Laura sent us her work on this problem. Well done, Laura!

Let the square have side length $l$. Then its perimeter is $4l$. Also, we can see from the diagram above that the sum of the distances from the point to the top and bottom sides is $l$, and similarly the sum of the distances from the point to the left and right sides is $l$, so the total sum of the distances is $2l=\frac{1}{2}\times 4l$, which is constant and half of the perimeter.
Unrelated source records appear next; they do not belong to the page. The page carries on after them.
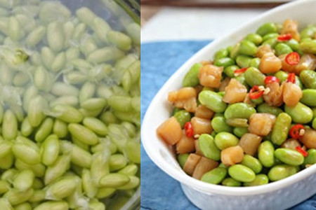 选择新鲜的毛豆荚,大家在挑选毛豆的时候,尽量选择颗粒比较饱满的,不然剥离出来里面的豆子肉是不饱满的。将豆荚的外壳去除,上面一层白色的外衣用清水冲洗干净,当然市场上也有很多已经剥好的毛豆,你如果想更加方便一点,可以直接买这种。
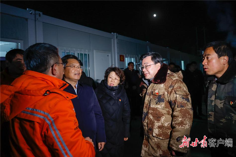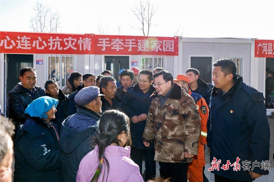 12月27日,省委书记胡昌升、省长任振鹤深入受灾镇村、集中安置点检查指导活动板房搭建和受灾群众安置等工作、看望慰问受灾群众。新甘肃·甘肃日报记者孟捷
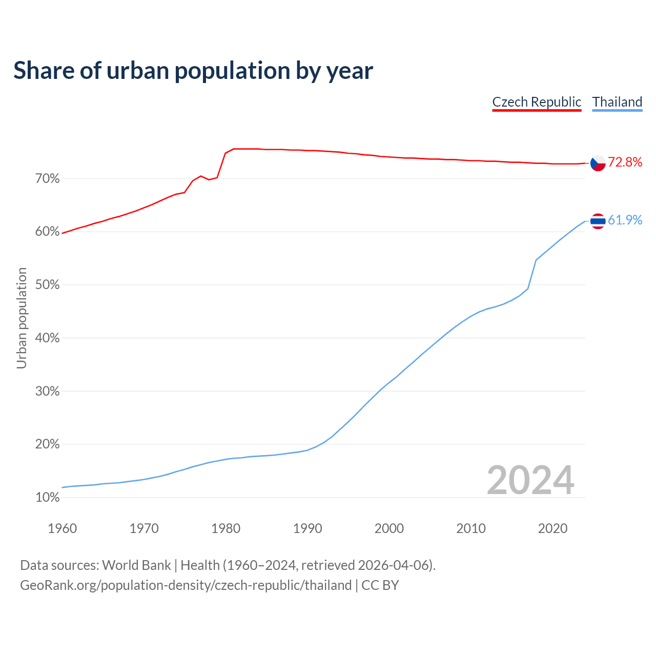From 2004 to 2024, the share of urban population changed from 73.7% to 72.8% in the Czech Republic and from 36.8% to 61.9% in Thailand.
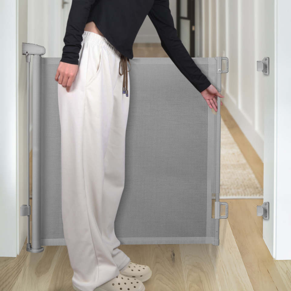 Barrières pour bébés en gros, faciles à utiliser, barrière d'escalier pour la sécurité à domicile, clôture de sécurité rétractable pour bébés.
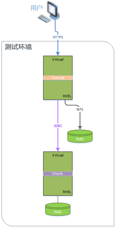 生产环境和灾备环境间应用服务器通过NAS(Network Attached Storage:网络附属存储,简单理解就是一种共享存储)保存文件,这样两套服务器间的文件是共享的,切换后也能访问到切换前的所有文件。

Let the rectangle have height $h$ and width $w$. Then its perimeter is $2(h+w)$. This is very similar to the square. Here the sum of the distances from $P$ to the top and bottom sides is $h$, and the sum of the distances from $P$ to the right and left sides is $w$, so the total sum of the distances is $h+w=\frac{1}{2}\times 2(h+w)$ is constant, and again is half of the perimeter.
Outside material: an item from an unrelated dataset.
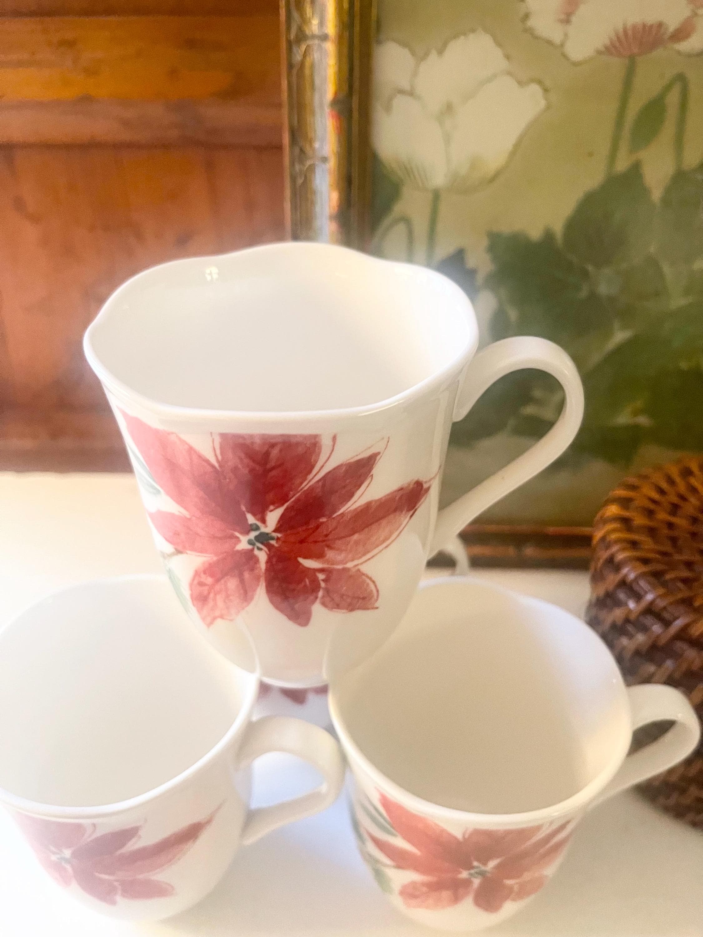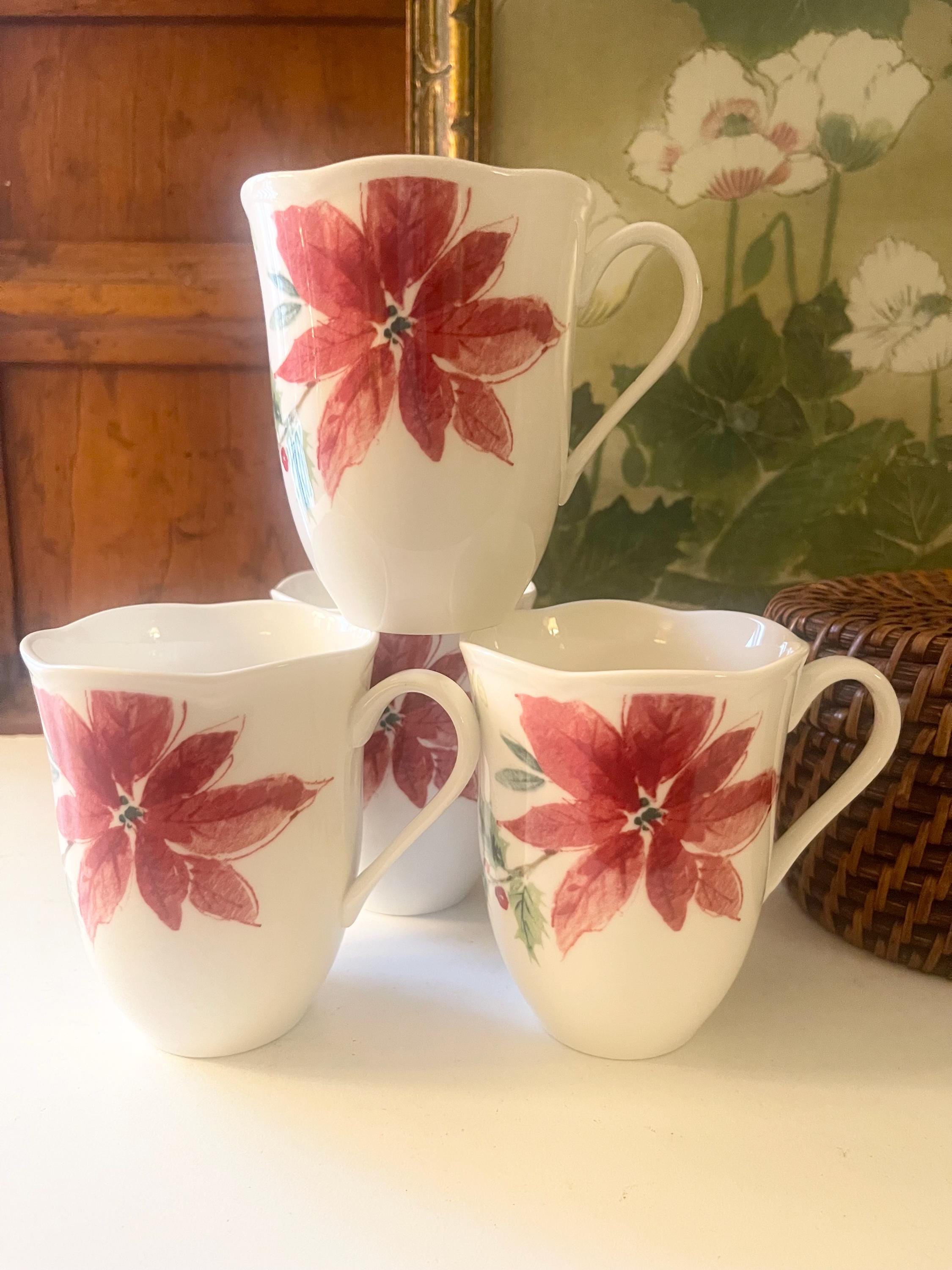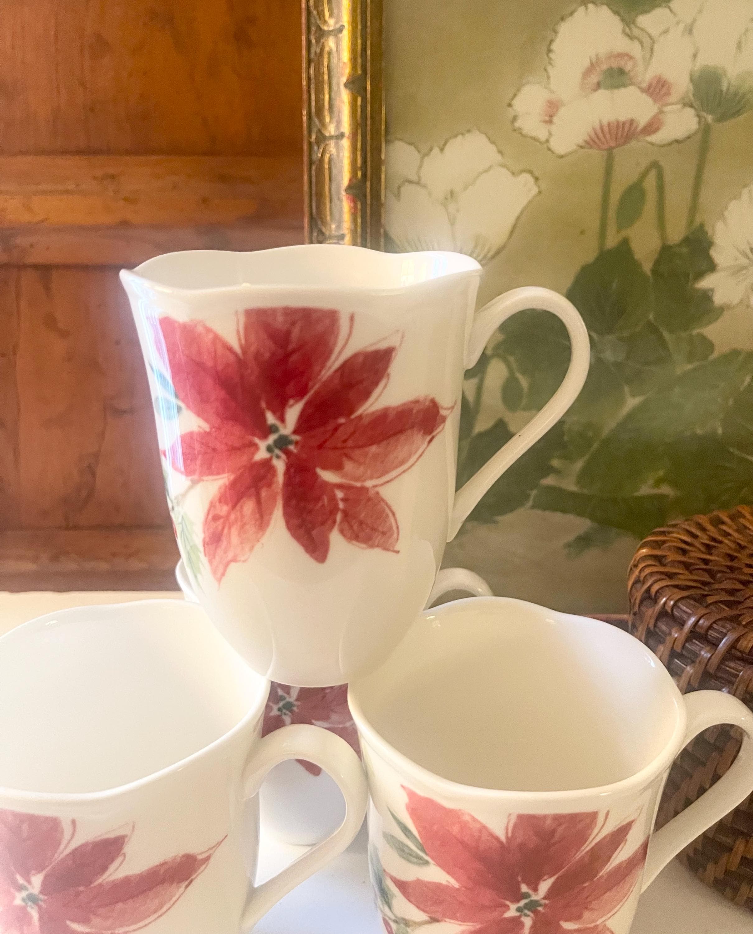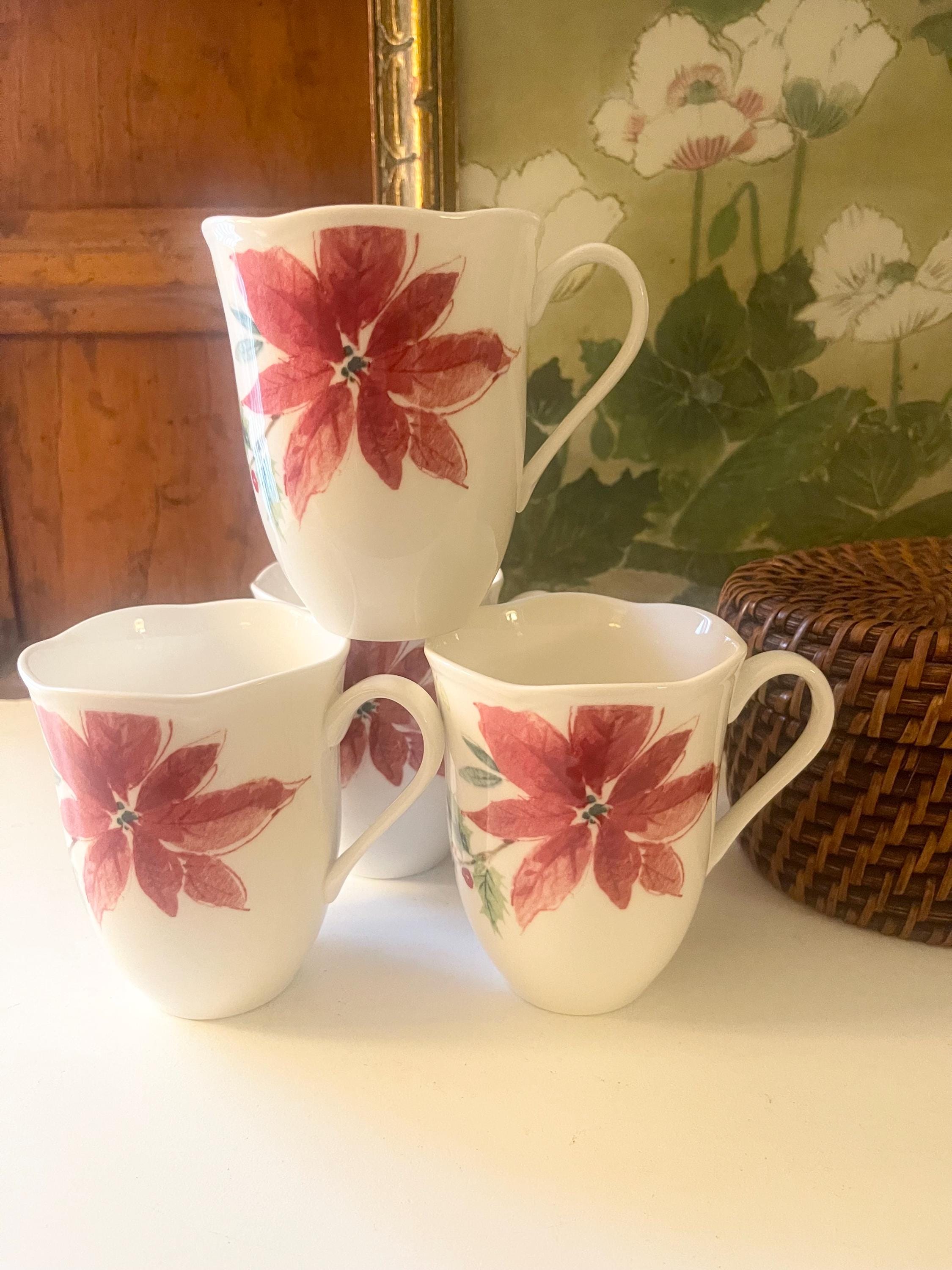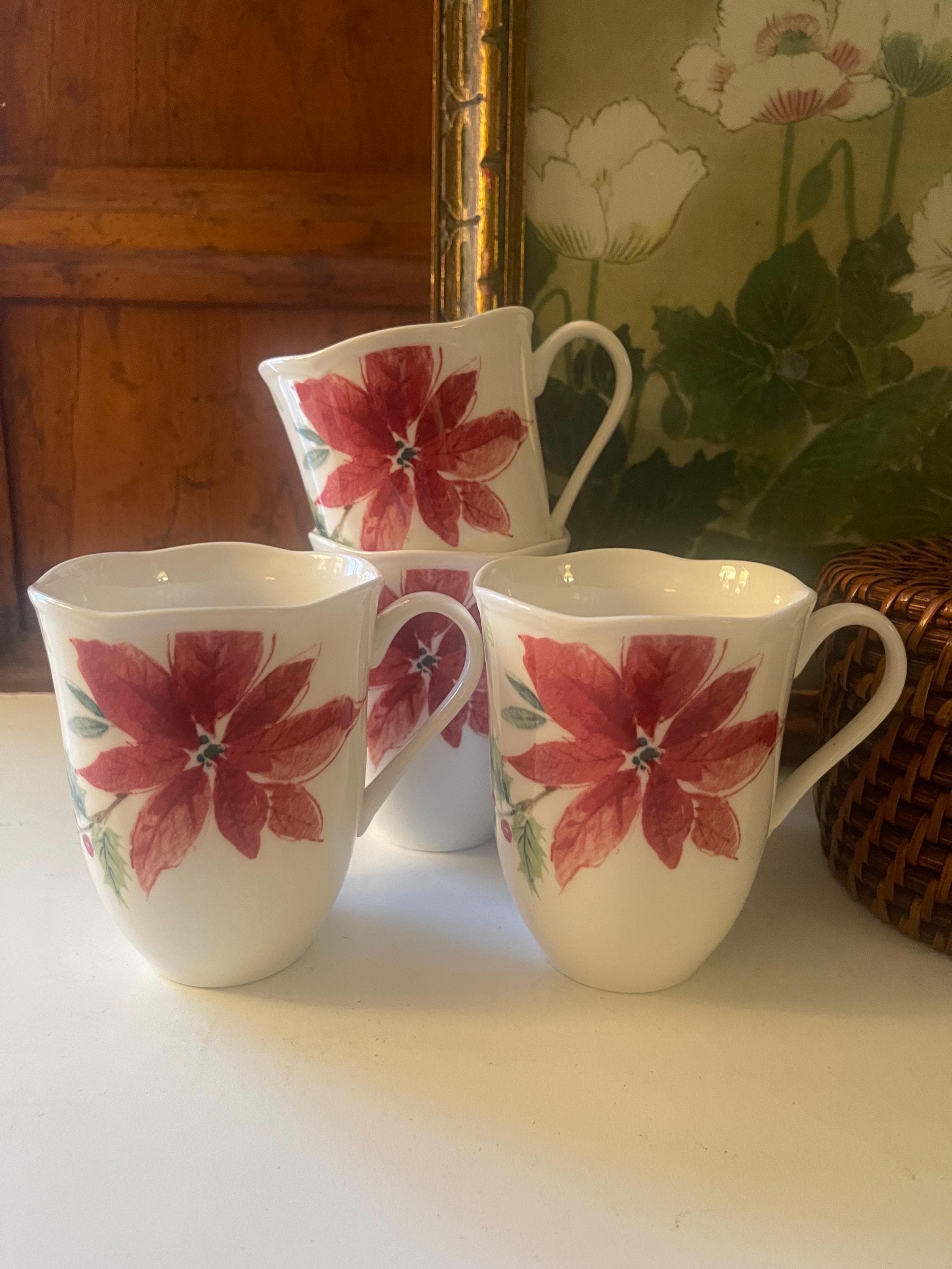 Holiday mugs feature poinsettia flower. All four mugs are identical.

This hexagon isn't regular, but it is equilateral (all its sides have the same length, $l$, say). I've drawn on the perpendicular lines (in red) from $P$ to the sides, and have also divided the hexagon into six triangles (in blue), each with base $l$ and height the distance from that side to the point. The area of the hexagon can therefore be written as $\frac{1}{2}(\textrm{sum of the heights})\times l$. Since this is constant, so is the sum of the heights.\par In the same way, the sum of the distances in an equilateral pentagon is constant.